A total of 101 Sanitary Sewage Overflows (SSOs) were recorded from Half Moon Bay to Montara from 2011 to mid 2017, according to public records manually compiled by Resist Density. These findings raise significant questions as to whether the infrastructure can accommodate any more large development until major repairs and upgrades are made.

Executive Summary

  • The large number and volume of sanitary sewer overflows (SSOs) on the San Mateo County Midcoast from January 2011 through May 2017 are indicative of an aged and failing infrastructure lacking a preventative maintenance program.
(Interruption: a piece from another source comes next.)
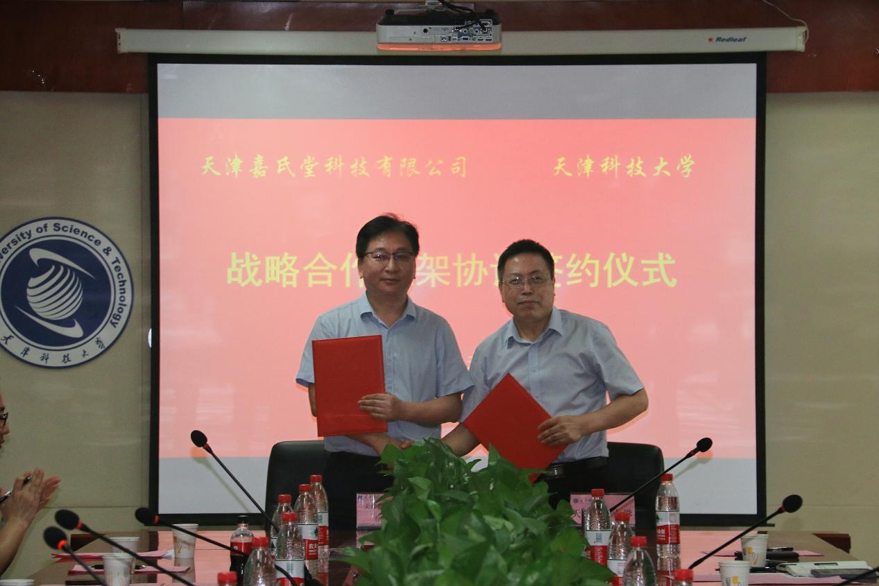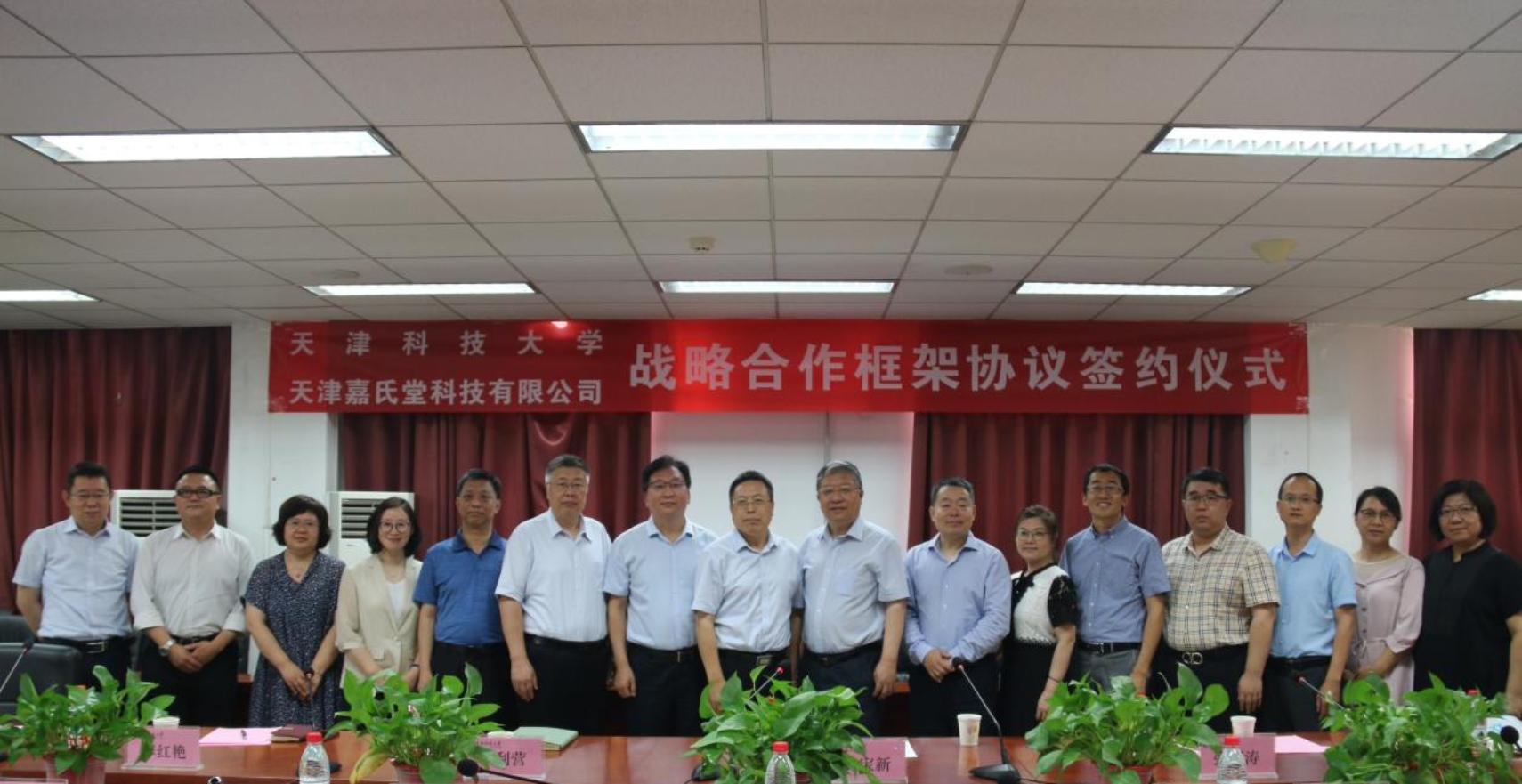 7月1日,我校与天津嘉氏堂科技有限公司在天津科技大学滨海校区举行了战略合作框架协议签约仪式。天津嘉氏堂科技有限公司董事长丁利营、天津中医药研究院附属医院党委书记吴宝新、我校党委副书记、校长路福平出席签约仪式并致辞。科技处副处长邹志强主持会议。天津嘉氏堂科技有限公司总经理李红艳、行政总监郑羽、事业部副总监林竹、天津中医药研究院附属医院皮肤科主任张理涛、药学部主任梁颖、制剂室主任王磊、南开大学教授白钢、天津医科大学教授胡立志、天津市药品监督管理局专家张鹏,以及天津科技大学研究生院常务副院长王敏、小九直播足球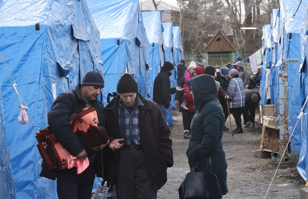 ▲部份烏克蘭民眾在煙硝戰火中只能選擇入境俄羅斯,俄人在烏東頓涅茨克州巴齊米納(Bezimenne)建造過濾營。(圖/達志影像/newscom)

These SSOs and other system failures have reduced operational reliability of the sewage system, increased emergency costs, added financial, legal and regulatory risk and they pose an ongoing threat to environmental safety.

  • The potential for significant rainy seasons in 2018 and beyond could increase sewage flows to higher than “normal” levels, further increasing the risk of SSOs during or after heavy rains.

  • SAM’s 5-year infrastructure plan for 2017 lists 44 projects, 10 of which are priority 1. Due to budget constraints, SAM proposed funding and initiation of only 2 infrastructure projects in the 2017/18 fiscal year at a cost of ~$2M, with ~$500K of that to come from emergency reserves. All other projects will be delayed.

  • Ongoing litigation has added to SAM’s financial pressures. Litigation between SAM’s member agencies has also resulted in political infighting and ill will. This has reduced cooperation on key issues and risks timely completion of critical infrastructure projects.

  • SAM is understaffed and is challenged to deliver reliable service.



  • SAM must find the means to complete all priority 1 infrastructure projects as soon as possible and establish a robust preventative maintenance program.

  • SAM and member agencies should increase the rate of replacing aged pipes in their districts.

  • SAM staff should have more up-front involvement and input into individual member agency strategies and plans, to ensure that they are pursued in the best interests of the overall collective.

  • SAM’s next risk analysis should consider the cumulative impact of all approved and planned coastside developments over the next 5 years, including an estimate of unapproved second units in single family homes.

  • New development permits for large developments (multi-unit housing, large commercial and industrial developments) should be more critically reviewed with respect to their impact on outdated and overburdened system infrastructure.

  • A moratorium on new sewer connections for large developments should be considered until such time that all critical repairs and upgrades are completed and the risk of SSOs and system failures is reduced to an acceptable level.

  • SAM should hire 2 additional staff in 2018 to maintain reliable service, as recommended by 2 consultant reviews.

  • SAM should consider means to increase revenue, including new grants, loans, bonds and rate increases.